Image of a service dog

A lot of Americans who used to itemize their taxes won't do it this tax season. That's because the new tax law has cut or limited many deductions.

According to the nonpartisan Tax Foundation, about 90 percent of taxpayers will take the new, higher standard deduction on their federal 2018 tax returns, up from about 70 percent.  

But the federal deduction for medical expenses hasn't been eliminated. So if you have significant medical expenses, it still could be worthwhile to itemize your federal taxes to deduct those costs. 

More Generous Medical Write-Off for 2018

This tax season the Tax Cuts and Jobs Act allows you to write off qualified medical expenses that exceed 7.5 percent of your 2018 adjusted gross income, a more generous break than the 10 percent threshold of old. (The 7.5 percent break also applies to tax year 2017.)

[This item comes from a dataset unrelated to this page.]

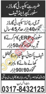 A private sector firm is actively seeking dedicated professionals for Security Guard, Storekeeper, and Chef positions. Benefit from the competitive compensation packages, including salaries up to PKR 90,000, along with the convenience of provided food, accommodation, and monthly holidays. These roles offer a promising career path with the potential for career development. Apply today to secure a rewarding role.

"Someone in a nursing home may have deductible medical costs in excess of their AGI threshold," says Barbara Weltman, an attorney and contributing editor to J.K. Lasser’s “Your Income Tax” book series. For seniors especially, many of whom have big out-of-pocket medical costs, itemizing may be better than taking the standard deduction, she adds.

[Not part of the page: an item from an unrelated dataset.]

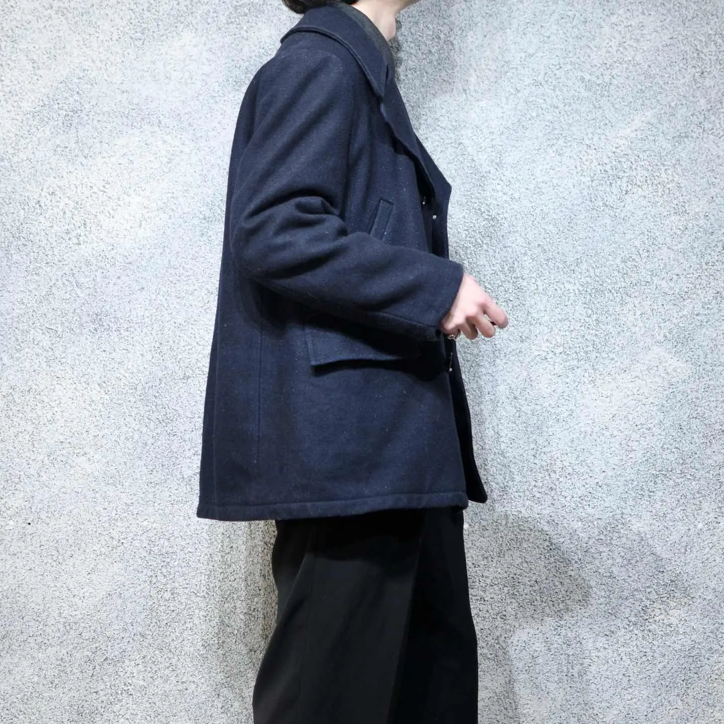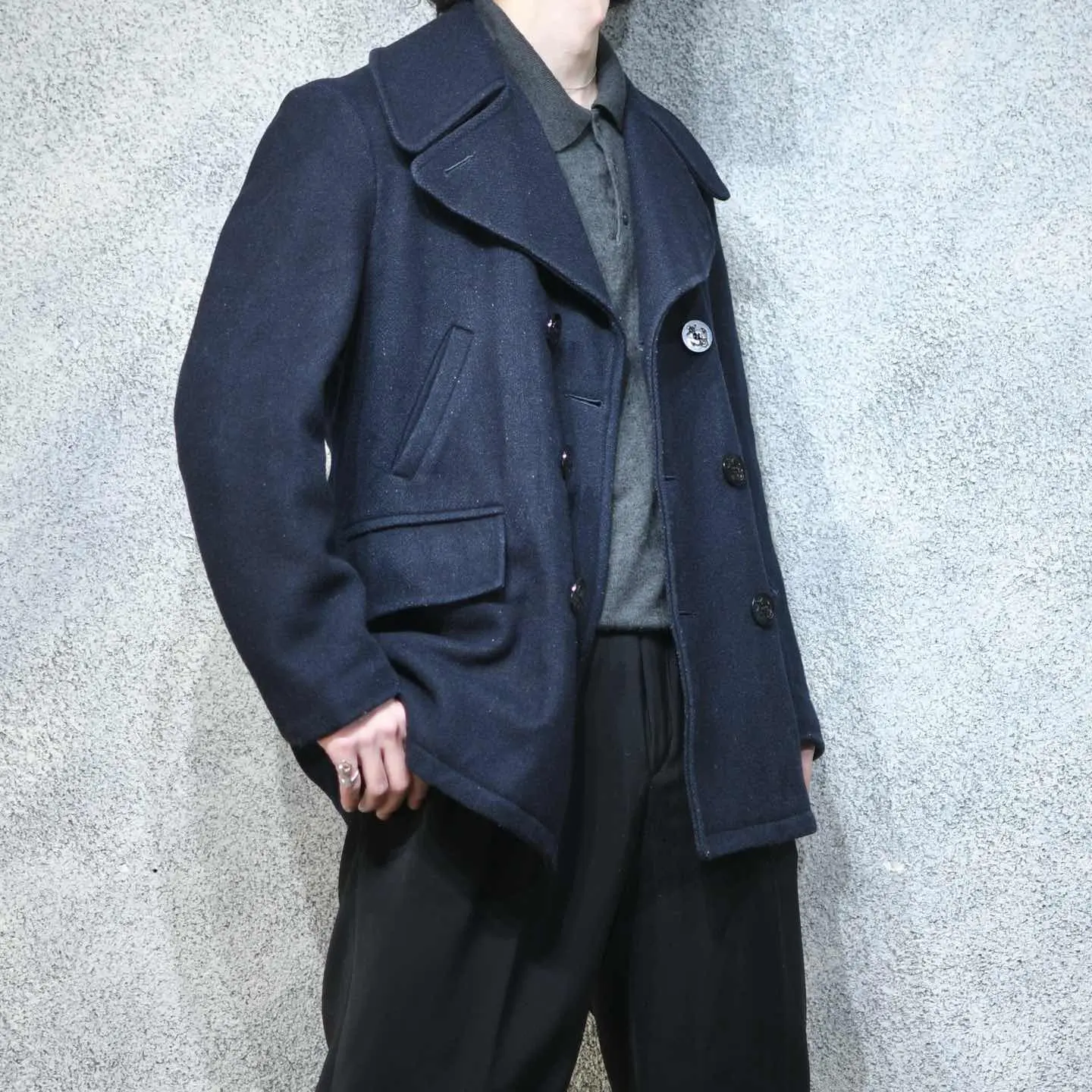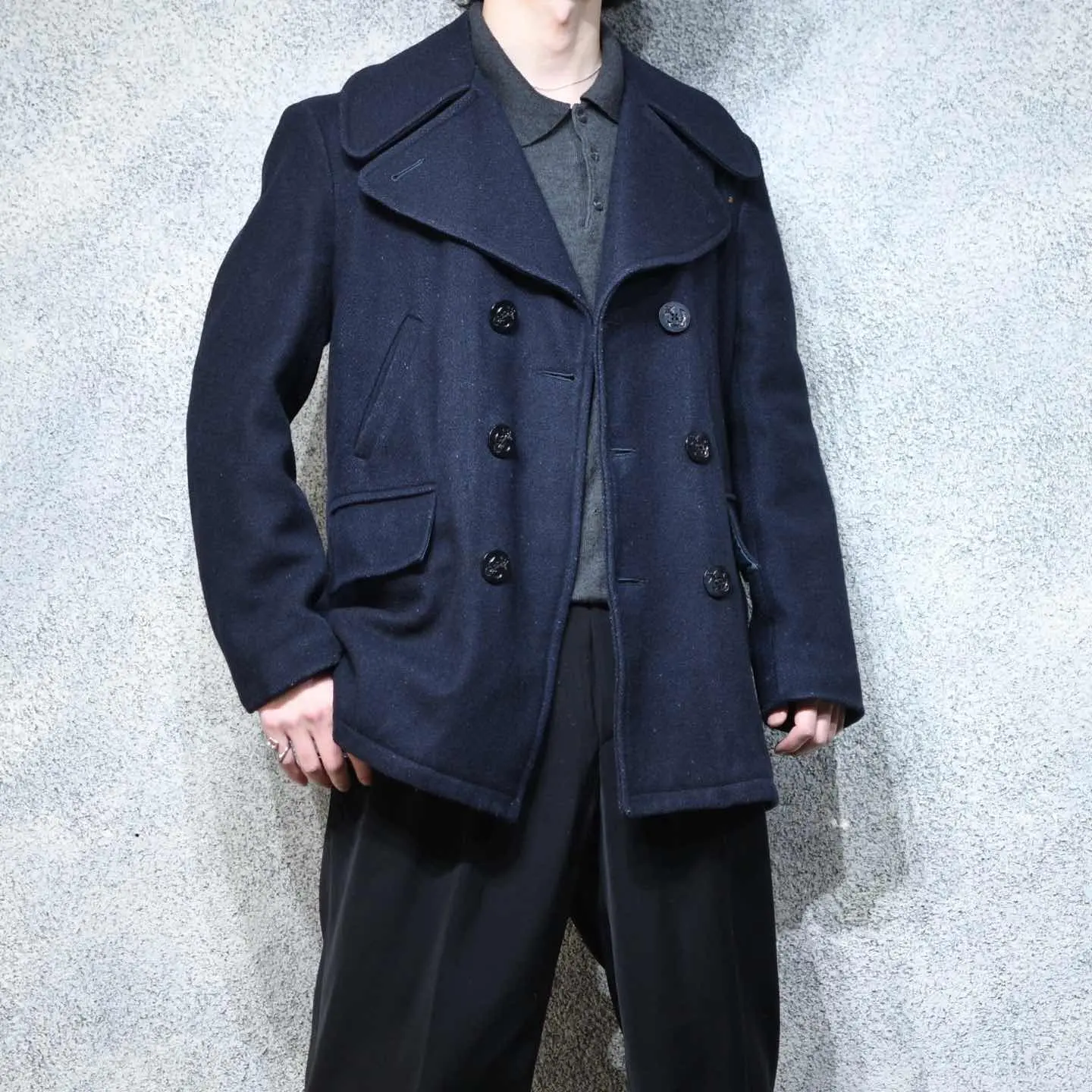 着丈83cm 肩幅48cm 身幅59cm 袖丈62cm fabric/wool 着用画像 177cm/64kg こちらはカナダで仕立てられたPコート。 ハンドウォーマーポケットに、フラップポケット。 このディテールは、アメリカ海軍などで採用された オリジナルのPコートには無いディテールかと 思っていましたが、1910年代などより古いの個体の ディテールとして取り入れられていた様です。 オリジナルよりも大振りな襟が魅力的で、 目の詰まったウール生地、ユニオンチケットが 付いているのも◎ 古着という大きな枠を越えて、ファッションの枠の 中でも名の知れたPコート。 こんな古着らしい雰囲気のある1着を、 手元に置いてみてはどうでしょう。 ※裏地に破れあり。 ※撮影状況により、実物と多少色が異なる場合が ございます。 ※古着を取り扱っているため、気づかない汚れや ほつれ等がある場合がございます。 予めご了承ください。 ※サイズは着用感で選んでおり、表記サイズではございません。 古着 オーバーサイズ old vintage ヴィンテージ used 80's 90's アメリカ古着 ユーロ古着 メンズ レディース POLO RALPH LAUREN Eddie Bauer OLD GAP Eddie Bauer LANDS' END ランズエンド LLBean エルエルビーン オールドギャップ エディーバウアー ラルフローレン ブルックスブラザーズ Brooks Brothers ネイビー 紺色 コート ピーコート ジャケット ユニオンチケット などがお好きな方 #vintage #オーバーサイズ #old #used #90s #80s #古着 #ヴィンテージ #アメリカ古着 #ユーロ古着 #古着男子 #古着女子 #LLBean #エルエルビーン #EddieBauer #エディーバウアー #oldgap #オールドギャップ #LANDSEND #ランズエンド #NAUTICA #ノーティカ #ラルフローレン #POLORALPHLAUREN #ブルックスブラザーズ #BrooksBrothers #ユニオンチケット #Pコート #ピーコート #ウールジャケット #ウールコート #ジャケット #コート #70s

That generosity ends for 2019, however. When you file your taxes next season, your medical expenses will have to exceed 10 percent of your AGI to be eligible for the deduction.

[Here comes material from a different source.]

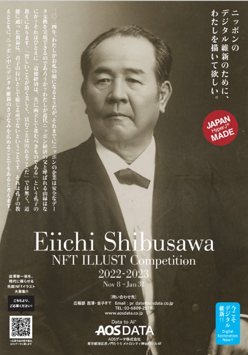 クラウドデータ、システムデータ、リーガルデータ、AIデータなどのデータアセットマネジメント事業を展開するAOSデータ株式会社(本社:東京都港区、代表取締役社長 春山 洋、以下AOSデータ社)は、日本企業のDX推進の基盤となる安全なデータ交換を早期に実現させるため、デジタル維新のアイコンとして、渋沢栄一翁のNFTイラストを募集する開催中の「今こそデジタル維新!澁澤榮一翁NFTイラストコンテスト」の審査員に、日本郵便の切手デザイナー 中丸ひとみ氏が参画し、募集期間を2023年1月31日までとすることをお知らせします。NFTイラスト募集要項や、応募はこちらまでhttps://twitter.com/JAPANMADE3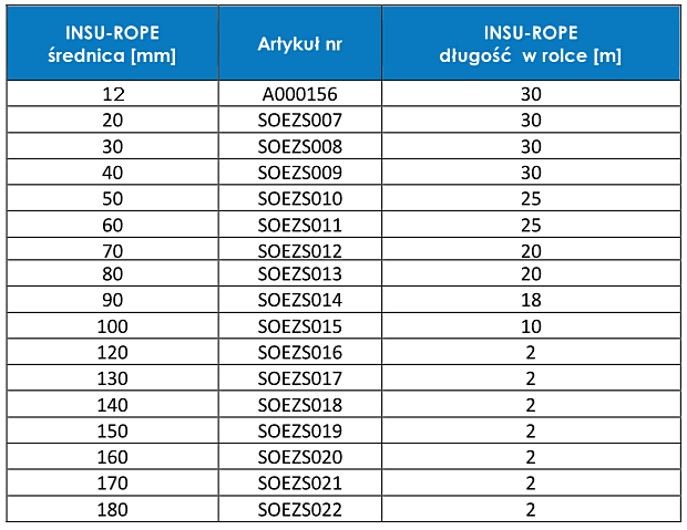 - Dobrać średnicę INSU-ROPE dla danej szczeliny dylatacyjnej wg tabeli dostępności.

Break for Service—Not Therapy—Animals

And you might be surprised at all the types of medical deductions available. For instance, you can deduct expenses for a service dog or other service animals if you are visually impaired or hearing-disabled, or have another physical disability.

More on Taxes

Among the tax deductions you can take for a service animal are the costs of buying, training, and maintaining the animal. You can also deduct expenses for food, grooming, and veterinary care, according to IRS Publication 502, Medical and Dental Expenses.

These tax deductions are allowed only for a recognized service animal, not for a therapy animal. (You might also be able to deduct expenses if an animal is part of your business.)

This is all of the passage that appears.